Still confused whether an EV will save you money?

Electric vehicle

One of the challenges about deciding to go electric is just how much money you might save. And if your maths skills are anything like ours, it’s almost impossible to calculate.

Fortunately, there’s a new online tool that calculates just how much swapping from your current petrol, diesel or hybrid vehicle will save you.

The electric vehicle savings calculator (access it here) has been launched by Macquarie Bank and it gives motorists the opportunity to compare estimated financial costs and emissions reductions between traditional internal combustion-engined cars and EVs.

Do your homework

It isn’t foolproof, however. Quite a few current cars are not on the database, due to insufficient data, and you’ll need to do some homework to input such details as annual insurance fees, registration fees and servicing.
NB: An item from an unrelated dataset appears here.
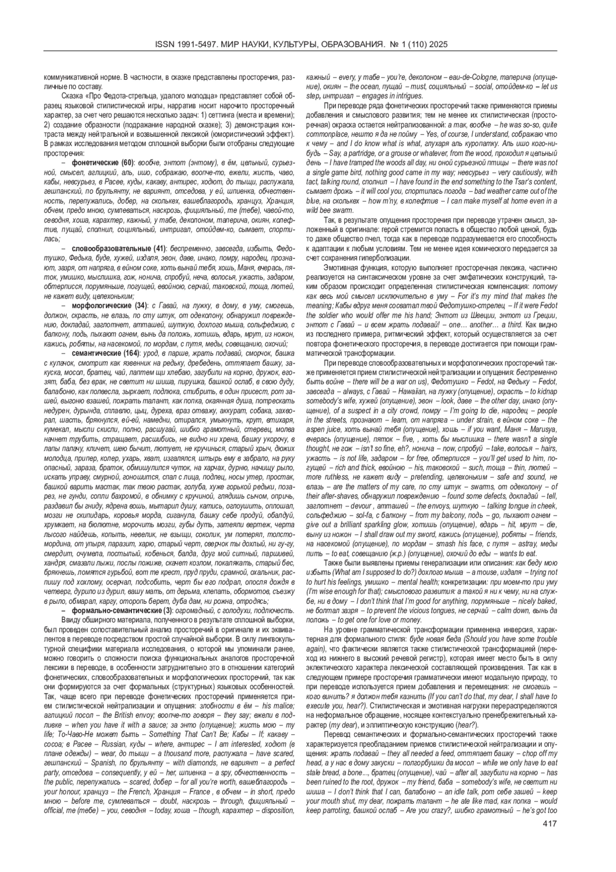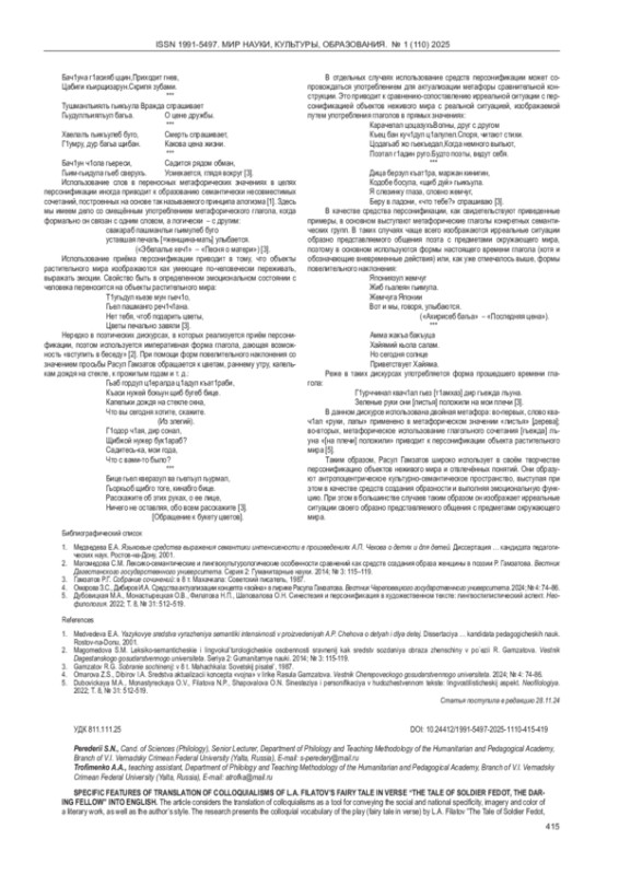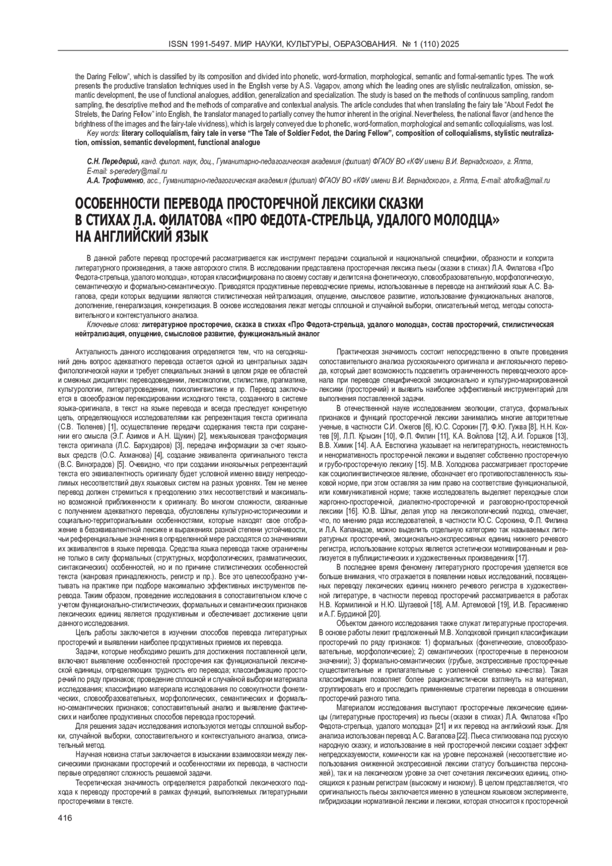 ПЕРЕДЕРИЙ С. Н., ТРОФИМЕНКО А. А. ОСОБЕННОСТИ ПЕРЕВОДА ПРОСТОРЕЧНОЙ ЛЕКСИКИ СКАЗКИ В СТИХАХ Л. А. ФИЛАТОВА «ПРО ФЕДОТА-СТРЕЛЬЦА, УДАЛОГО МОЛОДЦА» НА АНГЛИЙСКИЙ ЯЗЫК // МИР НАУКИ, КУЛЬТУРЫ, ОБРАЗОВАНИЯ. 2025. № 1 (110)

You can even input any available state and federal government subsidies to get a comprehensive comparison.

Naturally, some variables are unavoidable, such as the future price of petrol (or diesel) fuel and electricity prices.

As we all know, the upfront cost of an EV is usually higher than an equivalent petrol, diesel or hybrid car. However, EVs are generally cheaper to run because electricity costs less than petrol or diesel, and electric vehicles have fewer moving parts than internal combustion engines and so require less maintenance.

Pair your EV with solar

If you can pair your EV with rooftop solar and household charging, even more savings can be made. It is estimated that EV running costs can be as low as 60 cents per 100km and up to 93 percent cheaper than petrol cars.
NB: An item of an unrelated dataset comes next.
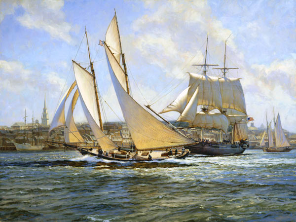 "The "America" and sloop of war "Marion" leave Boston in the summer of 1863." | During a summer cruise of 1863, "America", acting as a United States Naval Academy training ship for midshipmen together with the sloops of war "Marion" and "Macedonian", visited Boston. In the painting, "America", with all sails pulling hard in the fresh breeze' sails across the bow of the sloop of war "Marion". "Marion" is still busy lowering her foresail and mainsail and hoisting one of her jibs. She is sailing under a reduced rig with no yards "crossed" on the topmast sections. On board "America" can be seen the 24 pounder Dahlgren deck guns that she carried to apprehend Confederate blockade runners. Sections of her deck are wet from water splashing aboard. Crew are hauling in the jib sheet on the port side for'ard. A cloud casts a shadow on the foreground water but sunlight lights up the water around "America" and "Marion" and creates a wonderful glow through "America's cotton sails. The old North Church, in the background is also sunlit but a shadow passes over the buildings and ships along part of the waterfront. Trees can be seen on Cropp's Hill, behind the "Marion". On the right hand side a schooner's sails flap as she tacks. She has furled her jib in preparation for anchoring.

The Macquarie calculator even tells you just how long it will take for you to break even. The comparison we carried out pitted a Mercedes-Benz A-Class against a Tesla3 and the calculator estimated that the break-even point would be reached in 10.4 years. We applied the same insurance, registration, roadside assistance, maintenance, repairs and service costs to each vehicle, which may have skewed the results a little.

The calculator came up with total savings of $8174 (not including the car price or any government rebates) and a reduction in emissions of 4.62 tonnes.

Would you consider an EV? Would these figures change your mind? Why not share your thoughts in the comments section below?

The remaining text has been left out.